— Material supplied —
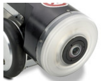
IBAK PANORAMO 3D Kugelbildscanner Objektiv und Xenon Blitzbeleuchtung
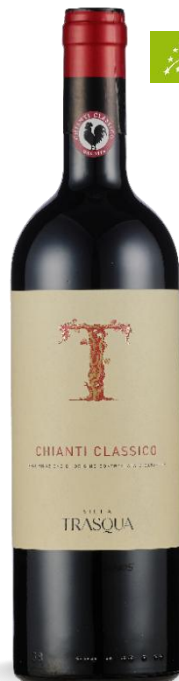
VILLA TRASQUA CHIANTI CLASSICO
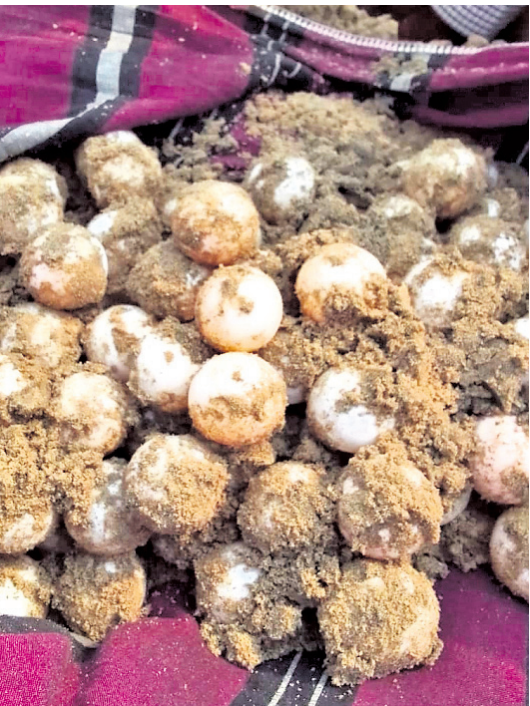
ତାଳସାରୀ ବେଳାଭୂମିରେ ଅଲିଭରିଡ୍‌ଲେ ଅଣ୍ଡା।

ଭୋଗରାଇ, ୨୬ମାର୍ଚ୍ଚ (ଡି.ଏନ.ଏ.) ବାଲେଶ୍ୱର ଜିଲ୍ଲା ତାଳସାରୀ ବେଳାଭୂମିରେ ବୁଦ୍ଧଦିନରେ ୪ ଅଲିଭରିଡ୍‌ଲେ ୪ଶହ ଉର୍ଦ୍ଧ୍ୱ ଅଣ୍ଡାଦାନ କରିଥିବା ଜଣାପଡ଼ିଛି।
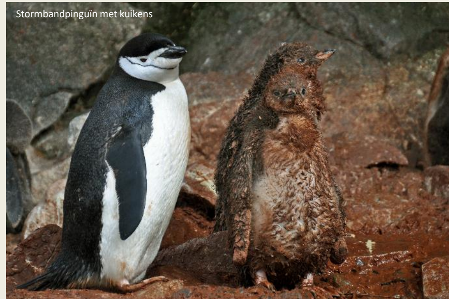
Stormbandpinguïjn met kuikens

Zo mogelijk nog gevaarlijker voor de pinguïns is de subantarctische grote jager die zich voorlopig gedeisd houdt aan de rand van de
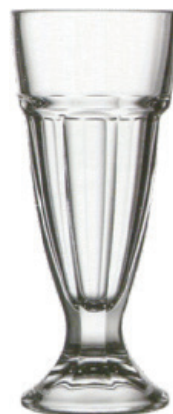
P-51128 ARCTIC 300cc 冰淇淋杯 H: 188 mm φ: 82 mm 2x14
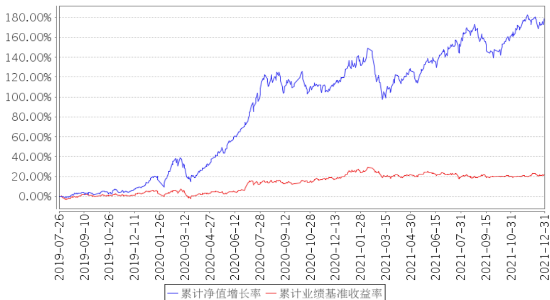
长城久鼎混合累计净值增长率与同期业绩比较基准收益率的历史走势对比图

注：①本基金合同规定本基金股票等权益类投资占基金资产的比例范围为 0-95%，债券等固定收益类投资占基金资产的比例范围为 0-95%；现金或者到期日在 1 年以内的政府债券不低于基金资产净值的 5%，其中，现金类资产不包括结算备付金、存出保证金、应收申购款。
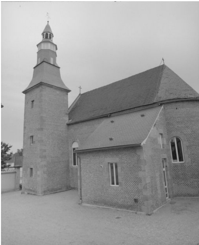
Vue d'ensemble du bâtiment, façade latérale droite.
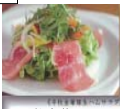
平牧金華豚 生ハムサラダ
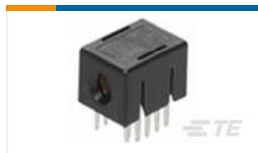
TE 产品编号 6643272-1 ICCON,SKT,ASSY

— Task details —
Your answer should hold only the lines from the line with "1 年以内的政府债券不低于基金资产净值的 5%，其中，现金类资产不包括结算备付金、存出保证金、应收申购款。" through the closing line of the records, restated exactly and free of pictures.

— Exercise solution —
注：①本基金合同规定本基金股票等权益类投资占基金资产的比例范围为 0-95%，债券等固定收益类投资占基金资产的比例范围为 0-95%；现金或者到期日在 1 年以内的政府债券不低于基金资产净值的 5%，其中，现金类资产不包括结算备付金、存出保证金、应收申购款。
Vue d'ensemble du bâtiment, façade latérale droite.
平牧金華豚 生ハムサラダ
TE 产品编号 6643272-1 ICCON,SKT,ASSY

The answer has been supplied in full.